- [WORK INSTRUCTION] Shown below are entries with pictures; the line with "This relaxed-fit garment-dyed" through the line with "Net Sequins Embroidery Lehenga Set for Women" is the span to retype exactly, and the pictures stay out.

- [SOURCE INFORMATION]

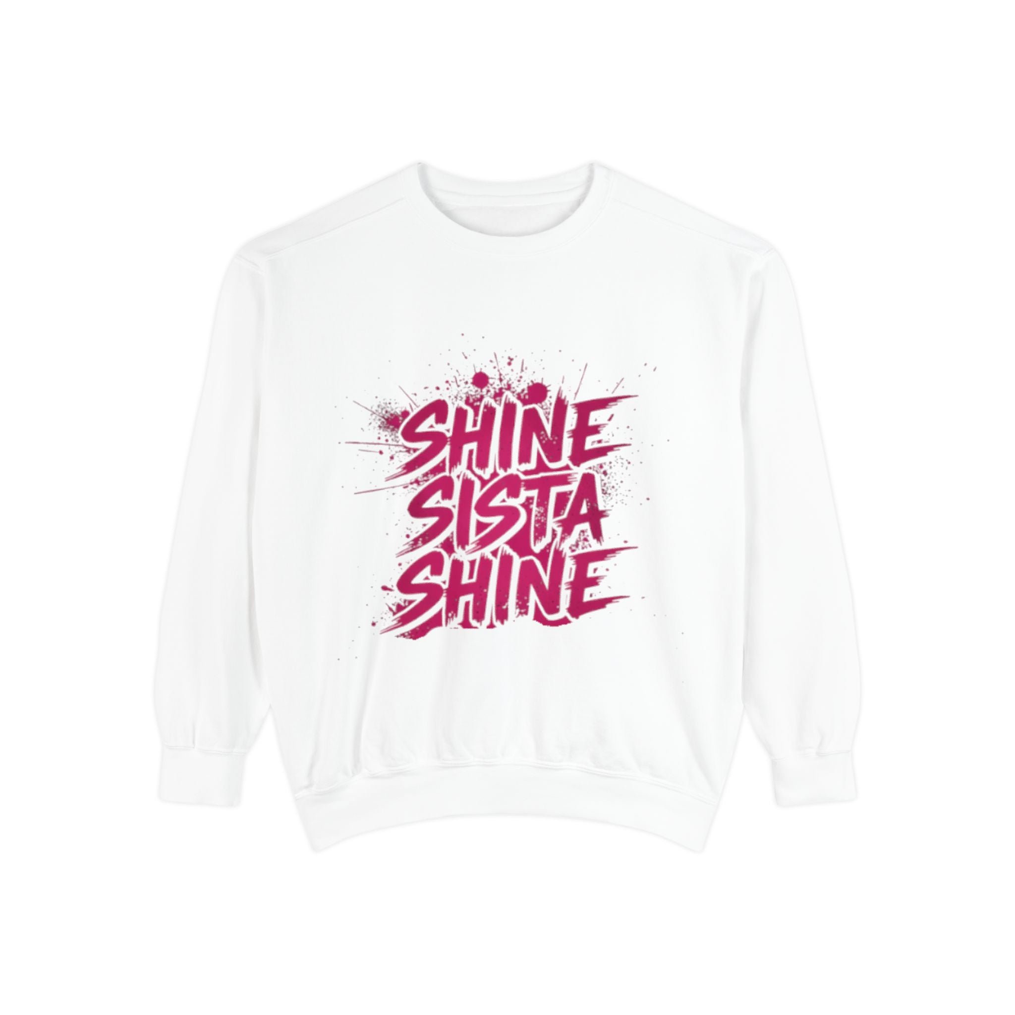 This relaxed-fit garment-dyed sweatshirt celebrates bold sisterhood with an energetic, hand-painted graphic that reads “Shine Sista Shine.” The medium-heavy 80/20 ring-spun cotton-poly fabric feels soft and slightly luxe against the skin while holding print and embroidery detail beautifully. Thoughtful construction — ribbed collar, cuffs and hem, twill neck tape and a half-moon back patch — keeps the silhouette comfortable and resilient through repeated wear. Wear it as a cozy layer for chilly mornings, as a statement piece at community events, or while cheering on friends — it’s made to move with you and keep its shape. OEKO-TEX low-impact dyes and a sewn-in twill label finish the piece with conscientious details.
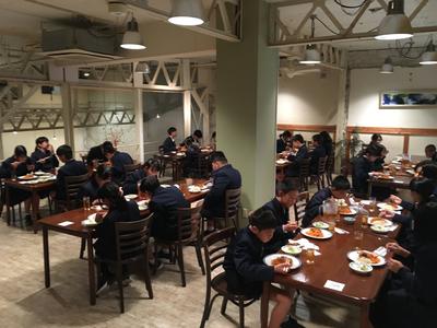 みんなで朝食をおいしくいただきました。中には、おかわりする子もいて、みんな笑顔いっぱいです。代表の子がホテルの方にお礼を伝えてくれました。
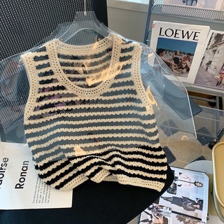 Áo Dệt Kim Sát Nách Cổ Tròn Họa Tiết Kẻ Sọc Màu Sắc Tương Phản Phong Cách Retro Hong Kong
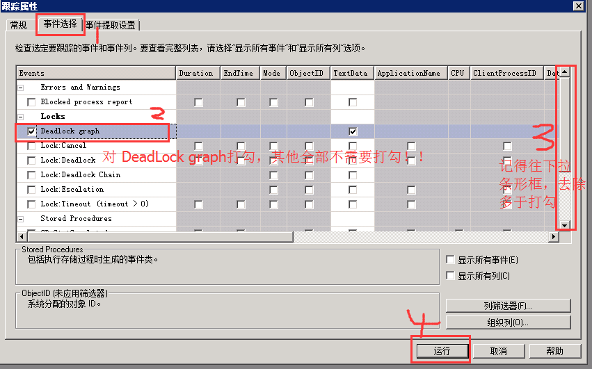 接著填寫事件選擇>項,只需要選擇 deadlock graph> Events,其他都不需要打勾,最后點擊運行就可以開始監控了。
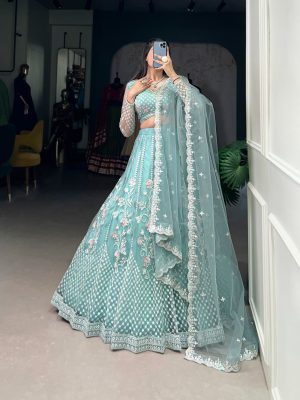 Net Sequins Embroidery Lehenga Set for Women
==
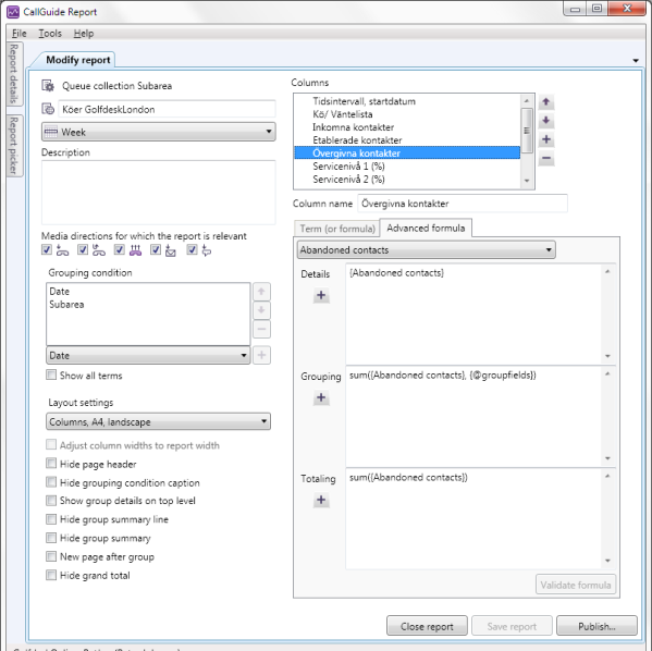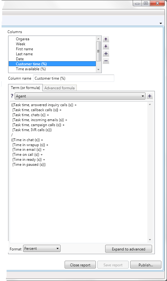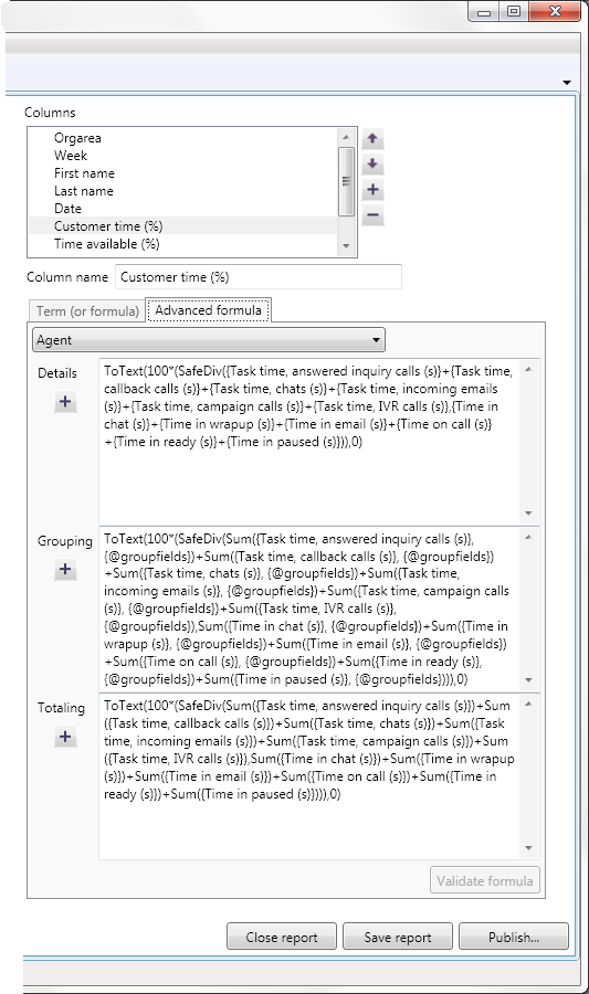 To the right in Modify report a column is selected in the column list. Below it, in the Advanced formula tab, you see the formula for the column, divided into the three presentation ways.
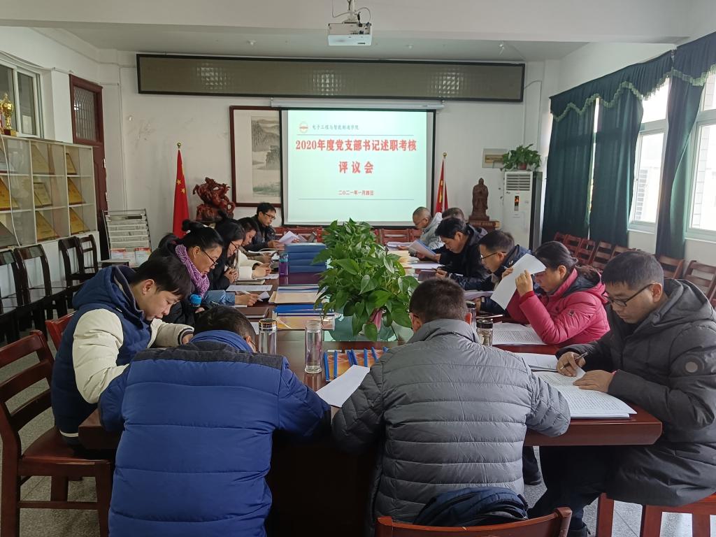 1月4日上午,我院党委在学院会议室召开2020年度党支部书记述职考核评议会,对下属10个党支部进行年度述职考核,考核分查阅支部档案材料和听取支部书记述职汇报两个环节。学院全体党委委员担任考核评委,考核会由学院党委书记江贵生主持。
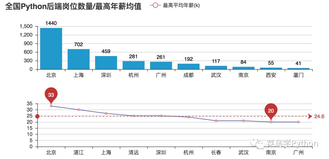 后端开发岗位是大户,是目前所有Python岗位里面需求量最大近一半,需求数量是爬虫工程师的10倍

- [ANSWER SPACE]
 This relaxed-fit garment-dyed sweatshirt celebrates bold sisterhood with an energetic, hand-painted graphic that reads “Shine Sista Shine.” The medium-heavy 80/20 ring-spun cotton-poly fabric feels soft and slightly luxe against the skin while holding print and embroidery detail beautifully. Thoughtful construction — ribbed collar, cuffs and hem, twill neck tape and a half-moon back patch — keeps the silhouette comfortable and resilient through repeated wear. Wear it as a cozy layer for chilly mornings, as a statement piece at community events, or while cheering on friends — it’s made to move with you and keep its shape. OEKO-TEX low-impact dyes and a sewn-in twill label finish the piece with conscientious details.
 みんなで朝食をおいしくいただきました。中には、おかわりする子もいて、みんな笑顔いっぱいです。代表の子がホテルの方にお礼を伝えてくれました。
 Áo Dệt Kim Sát Nách Cổ Tròn Họa Tiết Kẻ Sọc Màu Sắc Tương Phản Phong Cách Retro Hong Kong
 接著填寫事件選擇>項,只需要選擇 deadlock graph> Events,其他都不需要打勾,最后點擊運行就可以開始監控了。
 Net Sequins Embroidery Lehenga Set for Women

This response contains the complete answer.